■ Work to complete: In the material below, find the line with "Step 1: Use" and the line with "Полученные данные желательно". Output exactly those two lines and all lines between them, leaving out pictures.

■ Supplied information:
===

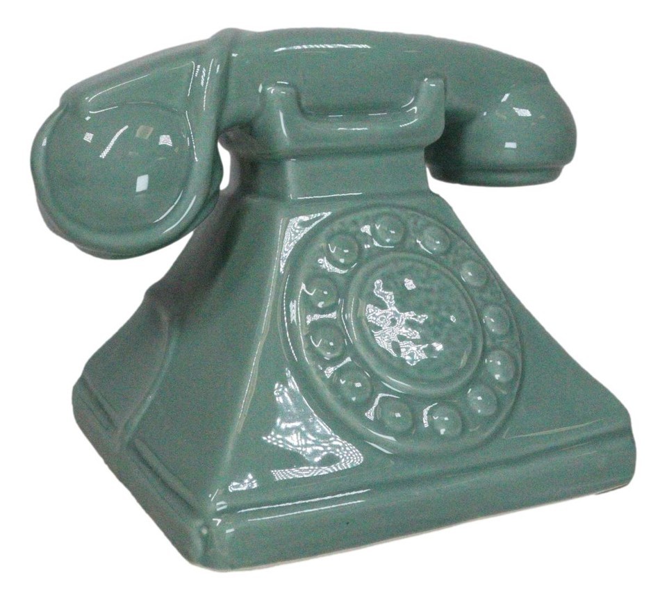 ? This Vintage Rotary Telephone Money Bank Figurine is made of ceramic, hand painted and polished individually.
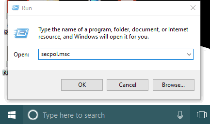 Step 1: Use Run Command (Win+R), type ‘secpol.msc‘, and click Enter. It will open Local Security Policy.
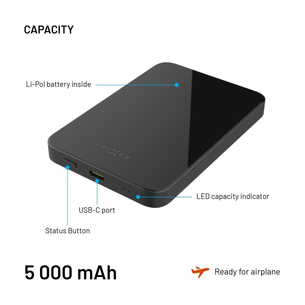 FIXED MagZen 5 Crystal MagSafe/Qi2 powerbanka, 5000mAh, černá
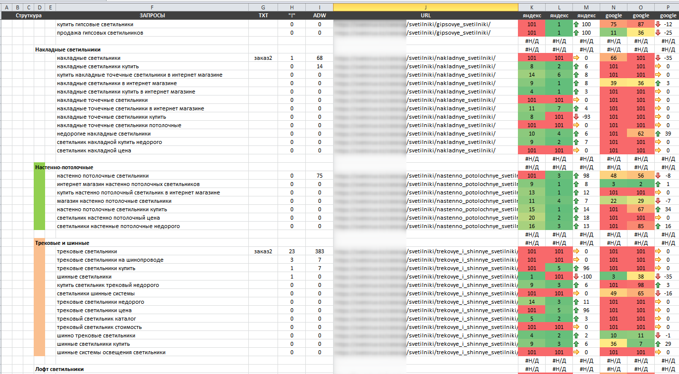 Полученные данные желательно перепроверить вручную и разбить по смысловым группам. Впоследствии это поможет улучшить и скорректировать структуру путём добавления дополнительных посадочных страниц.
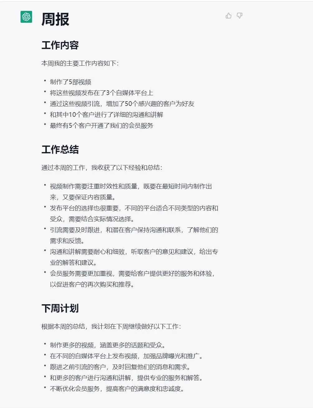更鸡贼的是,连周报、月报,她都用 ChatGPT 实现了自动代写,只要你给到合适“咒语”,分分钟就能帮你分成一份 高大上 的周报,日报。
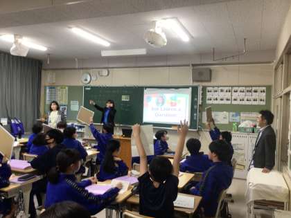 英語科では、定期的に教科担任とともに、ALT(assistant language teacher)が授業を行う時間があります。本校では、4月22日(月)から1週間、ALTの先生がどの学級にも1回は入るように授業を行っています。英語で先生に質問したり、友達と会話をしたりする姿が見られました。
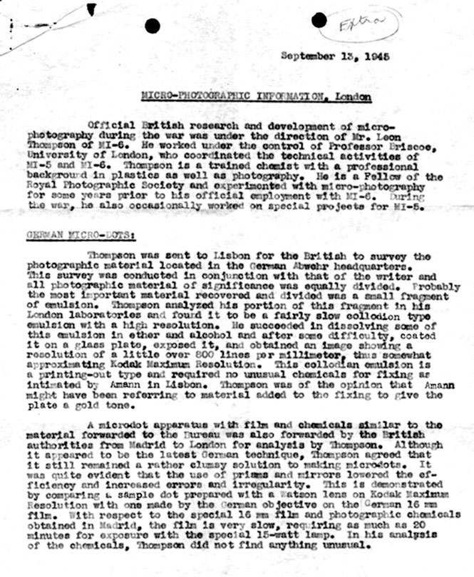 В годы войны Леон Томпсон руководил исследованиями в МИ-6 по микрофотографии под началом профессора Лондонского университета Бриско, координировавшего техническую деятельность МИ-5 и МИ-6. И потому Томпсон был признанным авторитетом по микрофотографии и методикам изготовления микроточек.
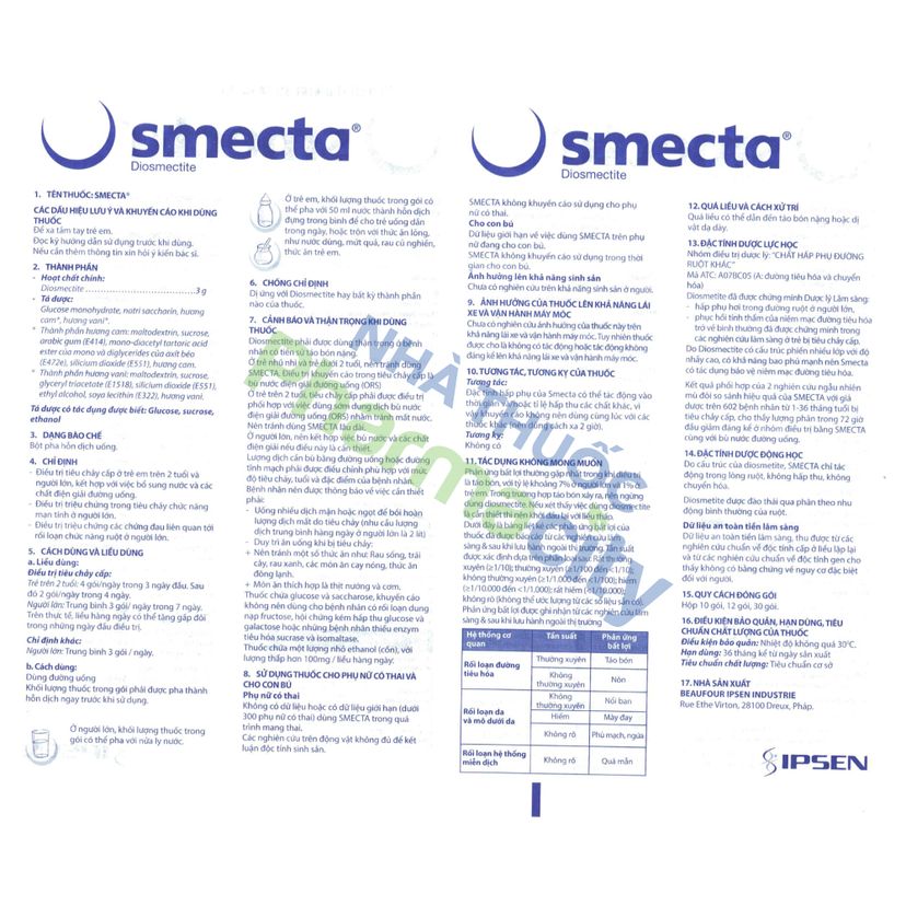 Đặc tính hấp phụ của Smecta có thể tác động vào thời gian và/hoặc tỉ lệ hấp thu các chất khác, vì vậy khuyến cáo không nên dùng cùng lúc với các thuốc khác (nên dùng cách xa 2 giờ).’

===

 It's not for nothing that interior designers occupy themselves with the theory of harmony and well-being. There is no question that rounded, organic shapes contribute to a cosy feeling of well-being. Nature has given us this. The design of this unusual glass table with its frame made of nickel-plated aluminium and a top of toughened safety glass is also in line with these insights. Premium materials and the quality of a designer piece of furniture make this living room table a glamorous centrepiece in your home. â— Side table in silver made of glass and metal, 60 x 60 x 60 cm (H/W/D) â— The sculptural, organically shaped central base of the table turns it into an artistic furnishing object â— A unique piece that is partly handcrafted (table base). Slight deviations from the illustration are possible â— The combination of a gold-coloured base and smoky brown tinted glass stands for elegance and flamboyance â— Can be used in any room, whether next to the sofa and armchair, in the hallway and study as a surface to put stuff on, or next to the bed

===

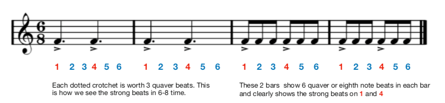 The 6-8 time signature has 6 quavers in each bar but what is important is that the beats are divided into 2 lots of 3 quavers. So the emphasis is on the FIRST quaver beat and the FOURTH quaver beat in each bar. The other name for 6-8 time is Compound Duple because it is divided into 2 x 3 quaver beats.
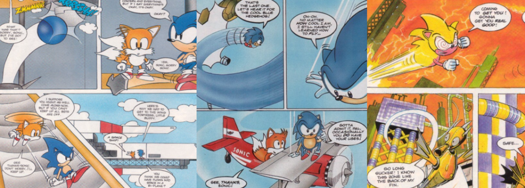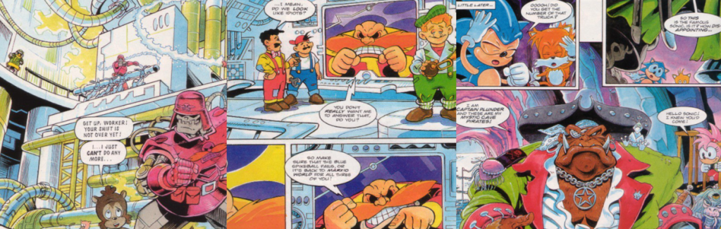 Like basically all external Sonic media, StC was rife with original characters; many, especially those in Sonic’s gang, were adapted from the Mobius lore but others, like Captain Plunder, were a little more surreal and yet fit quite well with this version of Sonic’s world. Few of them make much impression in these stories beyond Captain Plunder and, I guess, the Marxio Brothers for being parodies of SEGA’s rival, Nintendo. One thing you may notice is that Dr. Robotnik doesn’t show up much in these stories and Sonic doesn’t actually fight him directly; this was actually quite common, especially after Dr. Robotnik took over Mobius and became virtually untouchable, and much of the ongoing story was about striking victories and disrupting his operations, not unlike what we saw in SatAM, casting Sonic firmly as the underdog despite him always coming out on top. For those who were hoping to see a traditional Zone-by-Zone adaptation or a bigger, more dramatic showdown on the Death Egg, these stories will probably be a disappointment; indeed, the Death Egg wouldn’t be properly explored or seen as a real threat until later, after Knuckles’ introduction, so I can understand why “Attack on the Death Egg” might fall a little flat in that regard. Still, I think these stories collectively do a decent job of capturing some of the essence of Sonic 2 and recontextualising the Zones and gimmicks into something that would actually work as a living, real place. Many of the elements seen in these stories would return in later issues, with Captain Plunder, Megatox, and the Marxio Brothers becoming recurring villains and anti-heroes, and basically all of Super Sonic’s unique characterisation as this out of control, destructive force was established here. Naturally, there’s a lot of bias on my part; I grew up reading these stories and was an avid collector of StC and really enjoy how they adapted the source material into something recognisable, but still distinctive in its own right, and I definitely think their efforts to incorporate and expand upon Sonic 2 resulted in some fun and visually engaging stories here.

===

■ Solution to this task:
 Step 1: Use Run Command (Win+R), type ‘secpol.msc‘, and click Enter. It will open Local Security Policy.
 FIXED MagZen 5 Crystal MagSafe/Qi2 powerbanka, 5000mAh, černá
 Полученные данные желательно перепроверить вручную и разбить по смысловым группам. Впоследствии это поможет улучшить и скорректировать структуру путём добавления дополнительных посадочных страниц.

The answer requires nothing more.